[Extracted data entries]
+===+

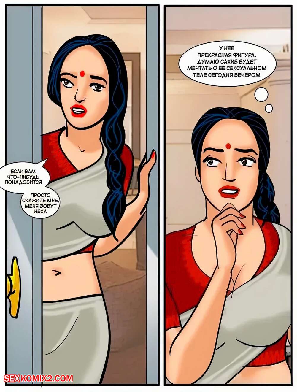 Порно комикс Веламма. Часть 19. Velamma. Velamma Горячая милфа была очень возбуждена и решила повеселиться с мужиком. Красотка разделась и отсосала хуй парня, после чего дала ему выебать свою пизденку.
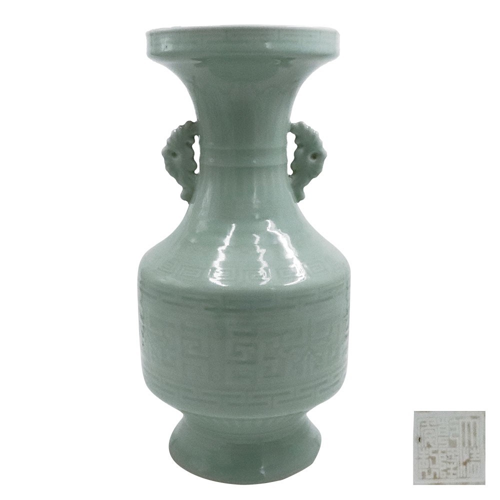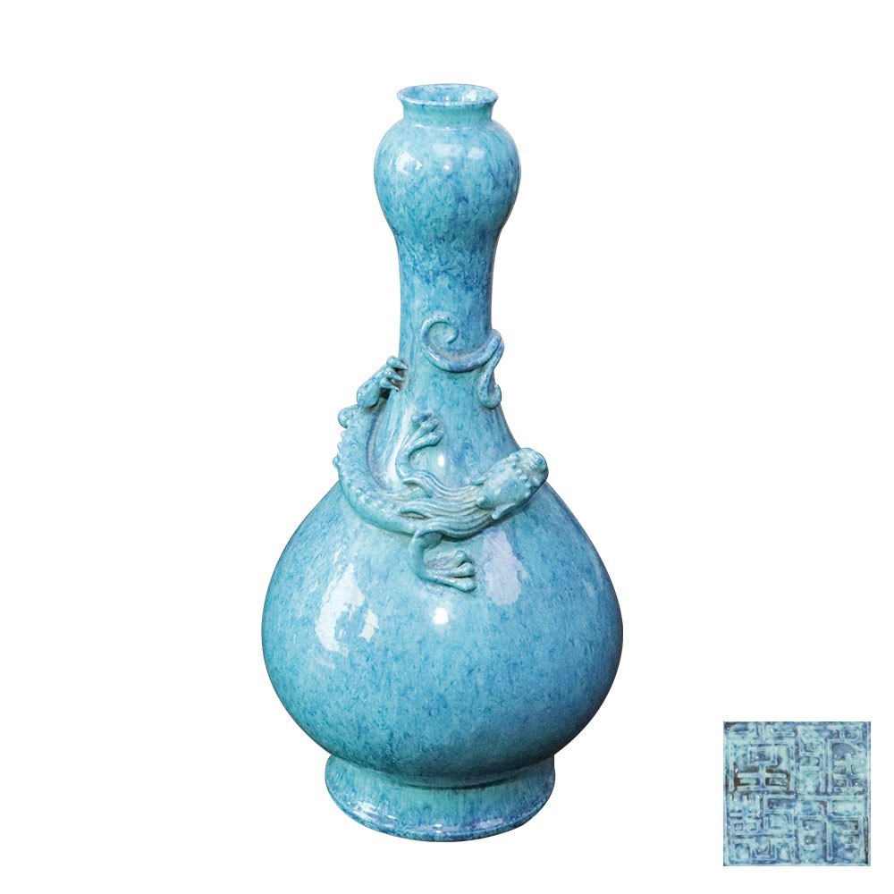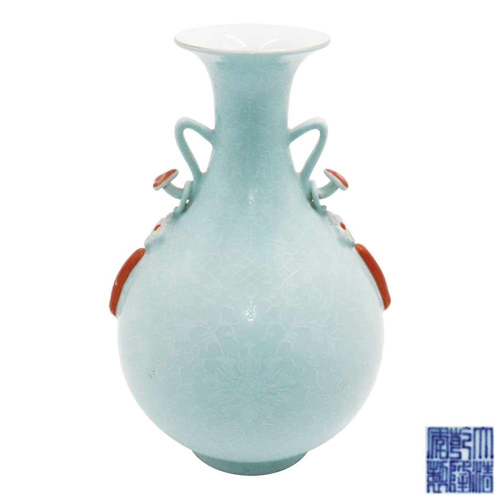 Lot27:清代 松石绿釉宝相花如意耳瓶
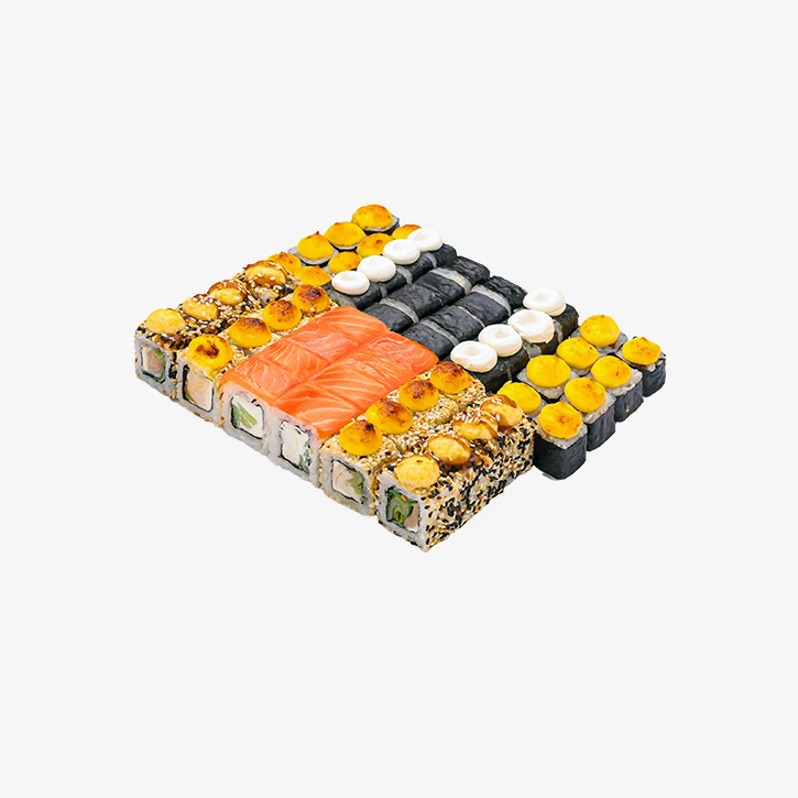 1356 грамма, 7 видов, 56 кусочков Роллы: Сливочный огурец, Сливочный лосось, Филадельфия лайт Запеченные: Мини краб Хот, Мини угорь Хот, Аляска, Запеченый Тунец. Годен 3 часа при t 20°C; 12 часов при t 4±2°C.
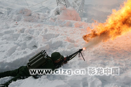 云南昭通武警用火焰噴射器為電力設(shè)施除冰(圖)
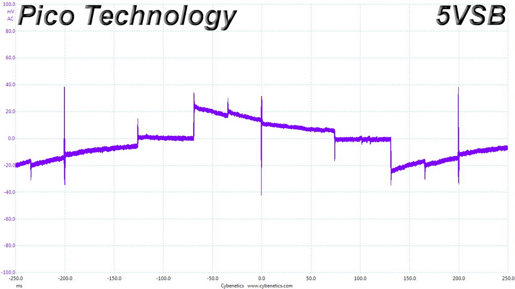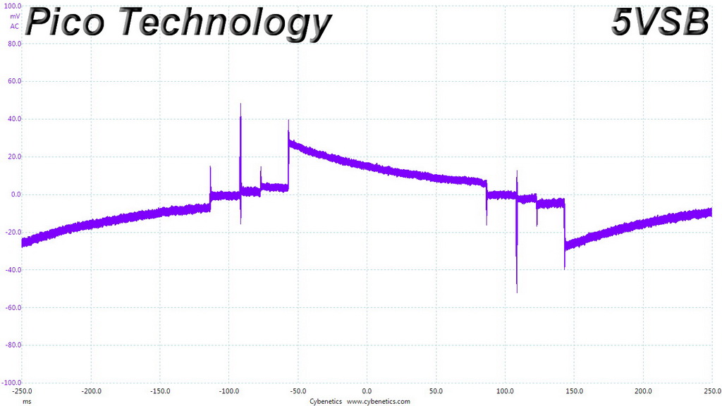 The voltage overshoot at 5VSB is notable, while in the second test the voltage overshoot is almost not existent. All hell seems to break loose in the third test, though, where we measure a huge voltage drop at +12V.
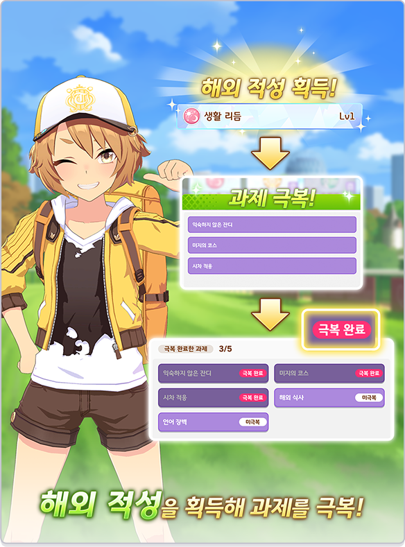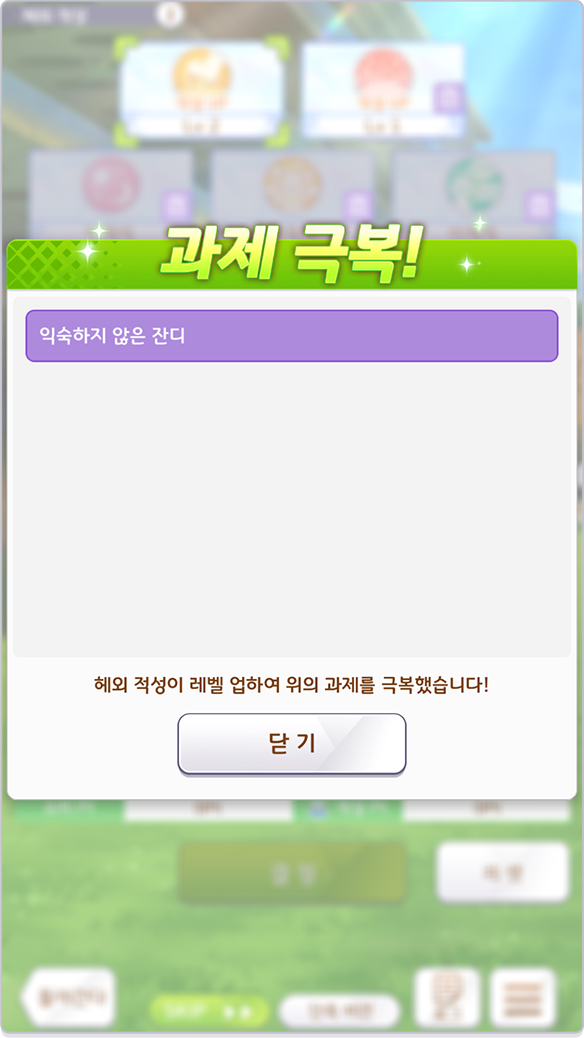 과제는 그에 대응하는 [해외 적성]의 [적성 Lv]을 레벨 업하여 극복할 수 있습니다.
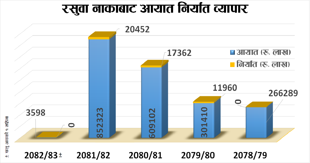 गत् आर्थिक वर्षमा रसुवा नाकामार्फत ८५ अर्ब २३ करोड २३ लाख रुपैयाँबराबरको विभिन्न मालसामान चीनबाट आयात भएको थियो भने २ अर्ब ५ करोड रुपैयाँबराबरको विभिन्न सामान नेपालबाट चीनमा निर्यात भएको छ ।
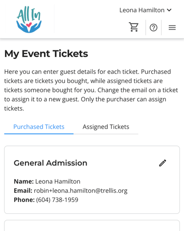 If tickets were assigned to you, confirm your ticket details are complete, including any questions from the organization (such as dietary restrictions). Learn how to view and edit your ticket.
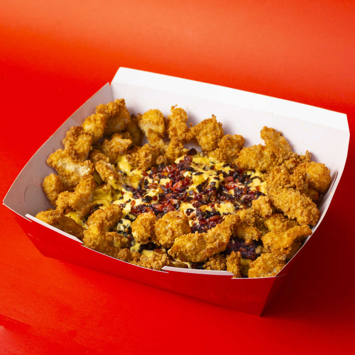 Deliciosas papas a la francesa, bañadas en salsa de queso cheddar y crujiente tocineta, 200 g de pops que son trocitos de pollo.
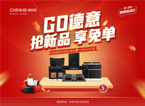 本次超品日,除德意现有产品外,德意两大年度重磅新品——蒸烤均衡集成灶、O宇宙油烟机也一并加入优惠行列,不仅有尝新价,还有购买即加赠正价在售的德意产品(如洗碗机、燃气热水器)等吸睛福利。
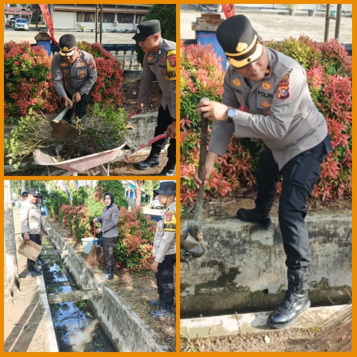 Bersama TNI dan Pemda Inhu, Polsek Rengat Barat Laksanakan kegiatan Gerakan Bersama Bersih Serentak ASRI
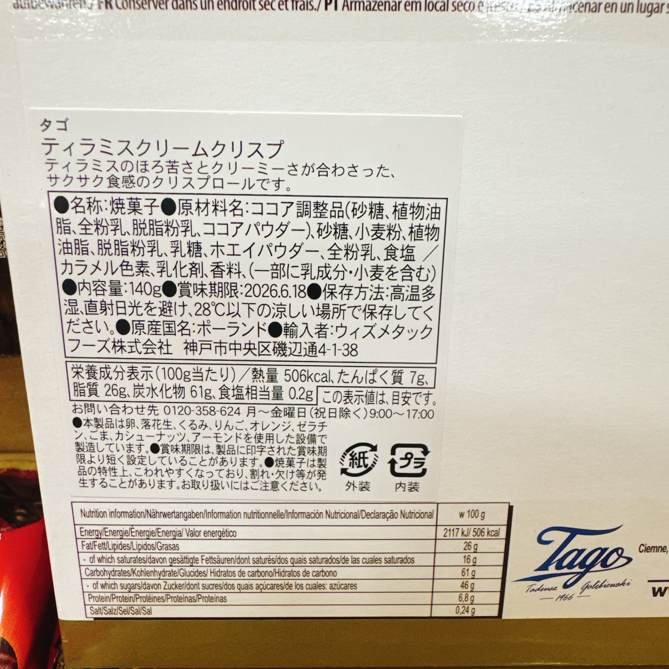 タゴ ミルクチョコクリスプ ティラミスクリーム
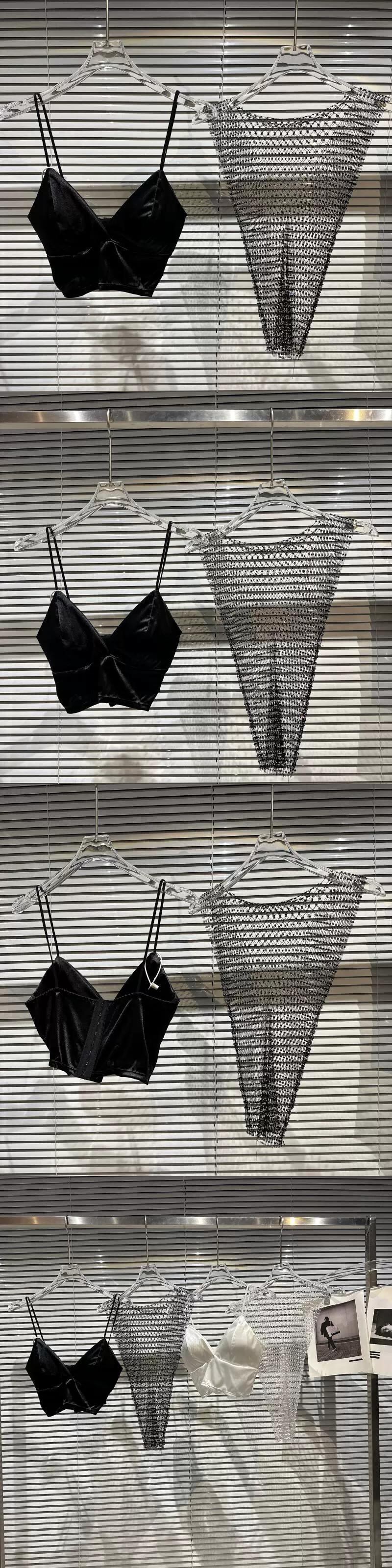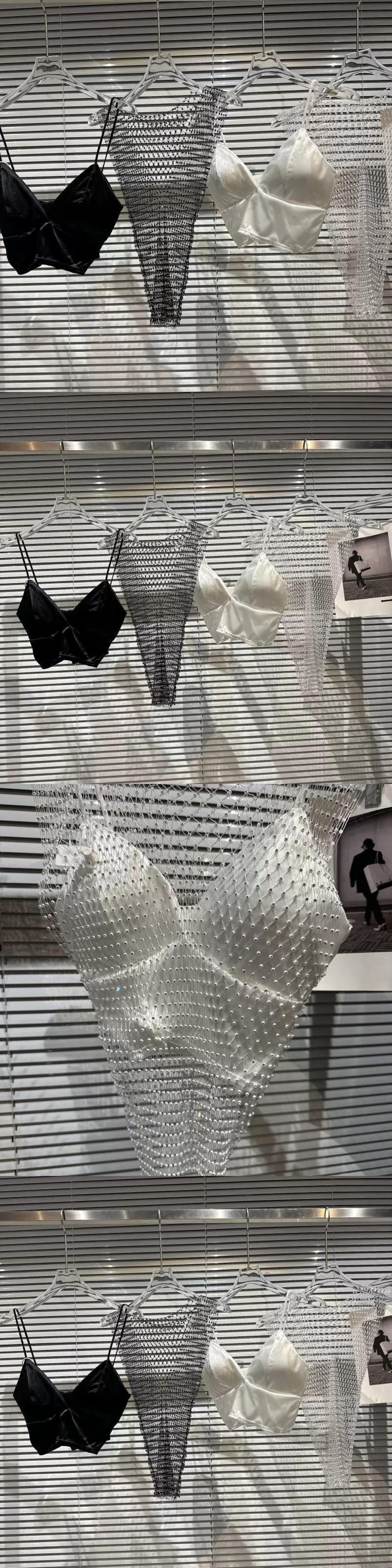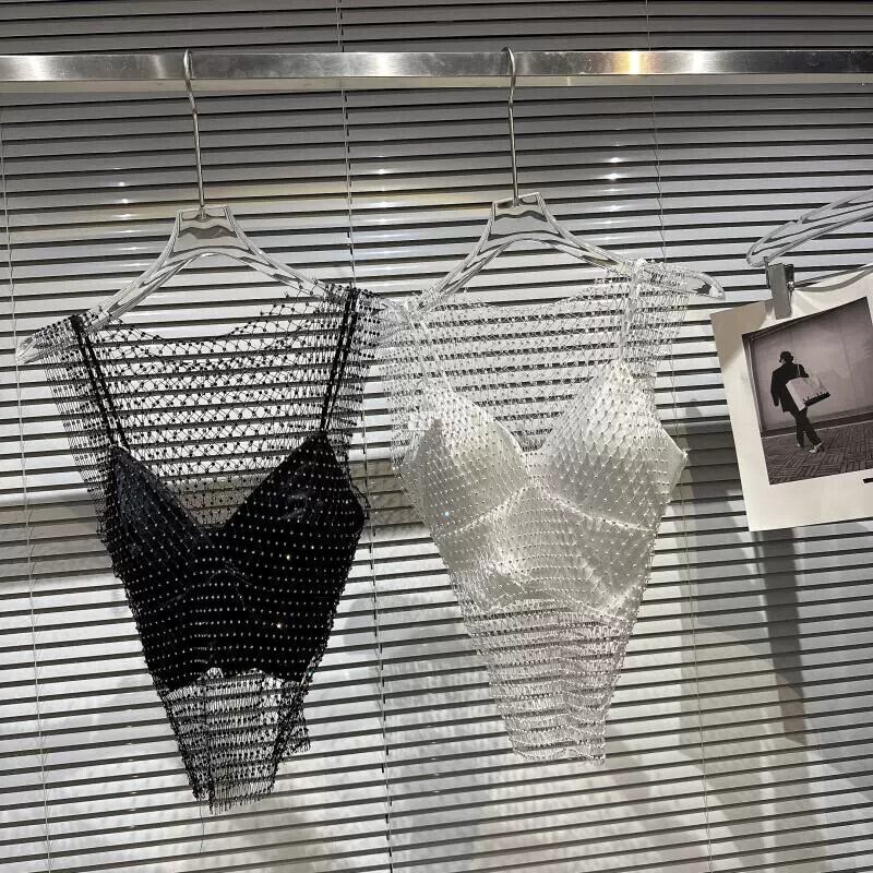 ネットセレブ同様 2024 春新スタイルセクシー社交家メッシュグリッドラインストーンアウター裏地重工業ベストサスペンダー 2 点セット スプリング 春物 gyan3384686823101 | vestitialla

+===+

#### PROBLEM DESCRIPTION:
Using the data above, which lines fall from the one with "The voltage overshoot at" through the one with "गत् आर्थिक वर्षमा"? Repeat them exactly, ends included, minus any pictures.

#### SOLUTION:
 The voltage overshoot at 5VSB is notable, while in the second test the voltage overshoot is almost not existent. All hell seems to break loose in the third test, though, where we measure a huge voltage drop at +12V.
 과제는 그에 대응하는 [해외 적성]의 [적성 Lv]을 레벨 업하여 극복할 수 있습니다.
 गत् आर्थिक वर्षमा रसुवा नाकामार्फत ८५ अर्ब २३ करोड २३ लाख रुपैयाँबराबरको विभिन्न मालसामान चीनबाट आयात भएको थियो भने २ अर्ब ५ करोड रुपैयाँबराबरको विभिन्न सामान नेपालबाट चीनमा निर्यात भएको छ ।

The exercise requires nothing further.